Confesso
que fiquei armado de preconceito, quando passou pela minha vista, tempos atrás,
o comentário de que o jogador Luis Suárez havia feito uma declaração racista.
Nem procurei entrar no mérito da questão e fui logo lhe pregando um rótulo,
nesses termos: “Esse cara não presta!”.
Além
do rótulo, permiti (a mim mesmo, sem levar ao conhecimento de terceiros) fazer
esse tipo de questionamento: “Como é possível
a um latino-americano não olhar para seu rabo histórico e perceber que corre em
suas veias heranças genéticas de um caldo de culturas e de etnias?”.
Eu
que, de tão branquelo, necessito ter um dermatologista como top de minhas
necessidades médicas, nunca, mas nunca mesmo, passou pela minha cabeça uma
sombra de preconceito racial. O máximo que tenho é uma certa decepção com a
cultura indígena brasileira, quando em visita a exposições de seu artesanato (e
artesanato é algo que é top nas minhas preferências culturais).
Voltando
ao Luis Suárez: fiquei conhecendo o distinto no jogo entre Uruguai e
Inglaterra. Sabia que ele é artilheiro e ídolo no futebol inglês, que ele é
baixinho (para os padrões do futebol moderno) e meio troncudinho, isto é, que
está mais para Hulk do que para Neymar.
Juntando
todos esses pré-requisitos, eu deveria chegar a uma conclusão, mas acabei
chegando a uma bem diferente: ele se tornou a materialização de Freddie Mercury
da bola.
Freddie
Mercury, contra quem pesou muito o preconceito homofóbico, era um artista
extra-ordinário, isto é, era um que fugia aos padrões da mesmice que as
indústrias fonográfica e de entretenimento nos fazem engolir. Assistir, pelo
vídeo da TV, às suas apresentações era algo que enchia os olhos. Tenho minhas
restrições quanto à produção musical do grupo Queen, mas não faço nenhuma
ressalva a Freddie Mercury, um verdadeiro showman.
O
que eu vi, no dia 19 de junho de 2014, no gramado da Arena São Paulo, foi a
materialização de Freddie Mercury, através da figura de Luis Suárez.
O
jogador me fez lembrar o artista, não só pela arcada dentária, pelo biotipo,
como pela alegria, pelos gestos e pela corrida após um gol.
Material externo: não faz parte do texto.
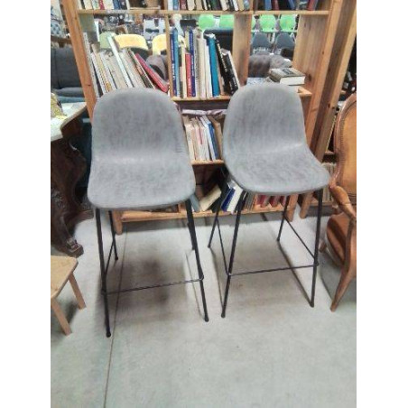 PAIRE DE TABOURETS DE BAR PIÈTEMENT MÉTAL NOIR ASSISE TISSU TAUPE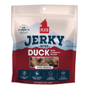 Brand: Plato Pet Treats Animal: Dog Diet: Grain Free Treat Form: Jerky Duck, flaxseed, tapioca starch, lentil flour, coconut glycerin, cranberry,...

Assim como aquele
tinha um domínio absoluto de cena, vi esse baixinho uruguaio se posicionar
atrás de um gigante inglês e desferir uma cabeçada fatal, artística, contra as
redes adversárias (confesso que, naquele momento, julguei estar ouvindo, junto
com os gritos da torcida, acordes de Love
of My Life e How can I Go on).
Foi tudo muita alegria, esqueci momentaneamente o preconceito. Só ficou
faltando o bigode no rosto daquele jogador para que eu viesse a questionar mais
profundamente minhas convicções religiosas.
Pode
ser que o Uruguai tropece frente ao próximo adversário (estou escrevendo este
texto no dia 22/06/2014), que fique pelo caminho (um filósofo do futebol, Neném
Prancha, a que se atribuem frases como “o
importante é o principal, o resto é secundário” e ”se macumba resolvesse, o campeonato baiano terminava sempre empatado”,
também dizia que “o futebol é uma
caixinha de surpresas”).
Não
importa. Junto com a lição de civilidade da torcida japonesa, estou resgatando
a lembrança de um artista da voz, através da atuação de um outro artista, que
usa os pés (e a cabeça) para mostrar que o futebol, apesar de comércio voraz, é
também uma arte.
Etelvaldo Vieira de
Melo
1 comentários:
Luís Suárez não é baixinho, cara. Ele mede 1,82!